Semiotics of Leisure: Shinobu Akimoto, Terri Fidelak, Simon Fuh, Gerald Jessop
to
Art Gallery of Regina 2420 Elphinstone St, Neil Balkwill Civic Arts Centre, Regina, Saskatchewan S4T 3N9
Gerald Jessop, “Giant Unicorn,” 2023
acrylic on canvas, 22 x 28" (courtesy of the Artist)
Artists Shinobu Akimoto (Japan), Terri Fidelak (SK), Simon Fuh (SK/ON) and Gerald Jessop (SK) question whether art making is work or leisure by taking activities that signify "free time" or "non-work" as their subjects. The exhibition Semiotics of Leisure at the Art Gallery of Regina responds to a surprising well-spring of artists concerned with activities that signify "free time" or "non-work."
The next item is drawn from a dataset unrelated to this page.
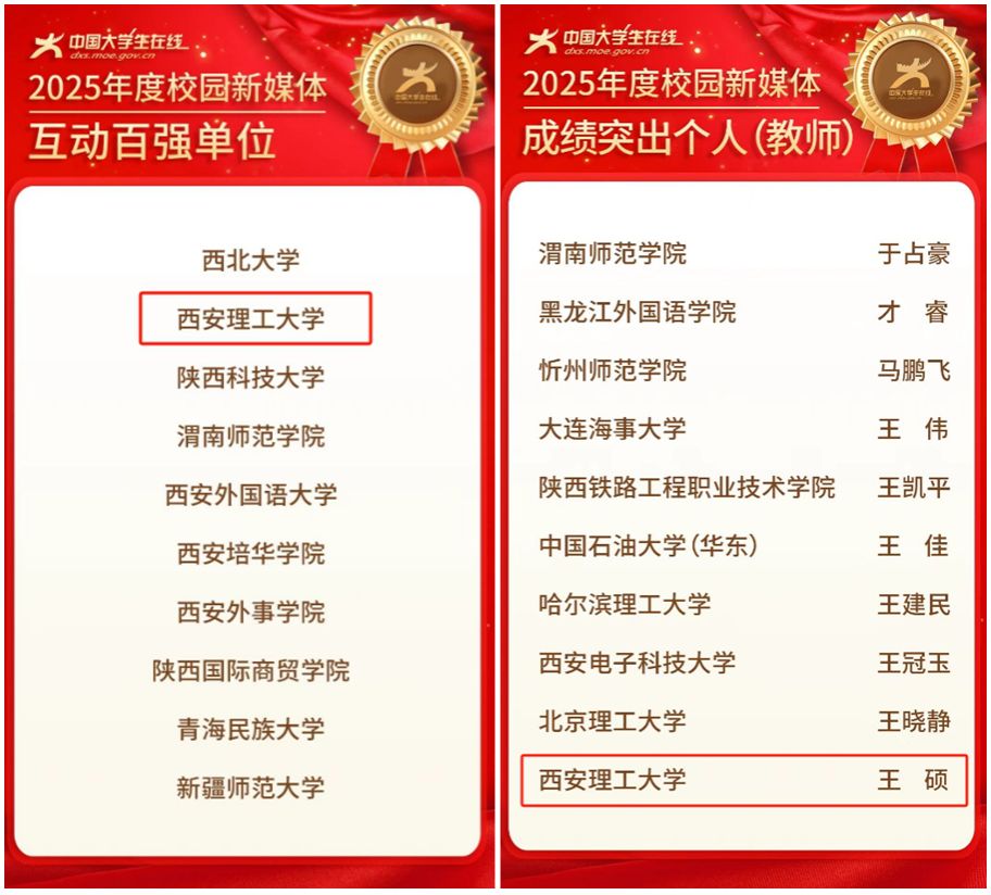 1月8日,教育部中国大学生在线公布2025年度校园新媒体表彰名单,beat365官网获“校园新媒体互动百强”荣誉称号,党委宣传部王硕获校园新媒体成绩突出个人。

Leisure is essentially anticapitalistic. It is anti-work; it does not create value. While often dismissed in the larger society as a mere pleasurable diversion, art institutions often put art to work, its job being to educate about societal ills. Semiotics of Leisure promotes the subversive qualities of pleasure for artists and viewers.
Terri Fidelek's minimalist cube sculpture constructed of layer upon layer of completed picture puzzles is encoded with endless hours of time-filling putting together banal images.
Aimless directions to an after-hours club unfold in Simon Fuh's dimly lit room, quaking with muffled dance beats.
While clubbing represents one type of aspirational non-work, both the dedicated act of painting that comprises Gerald Jessop's studio practice and his favoured subject - beach frolickers and their recreational accoutrements - represent avenues of escape from the predictable rhythms of Capitalism.
Since 2013, Shinobu Akimoto has been engaged in critiques of the "work" portion of "artwork," co-directing Residency for Artists On Hiatus, which values downtime as an essential aspect of making. Akimoto's limited edition multiple of handmade marmalade, Meaning of Making Series: Natsu-mikan (summer orange) Marmalade 2019, combines the trendy, twee nostalgia for preserving food with mourning the loss of a parent, a long familial connection to a fruit tree and the artist's ongoing project to create a satisfying lifestyle through the means of art-making.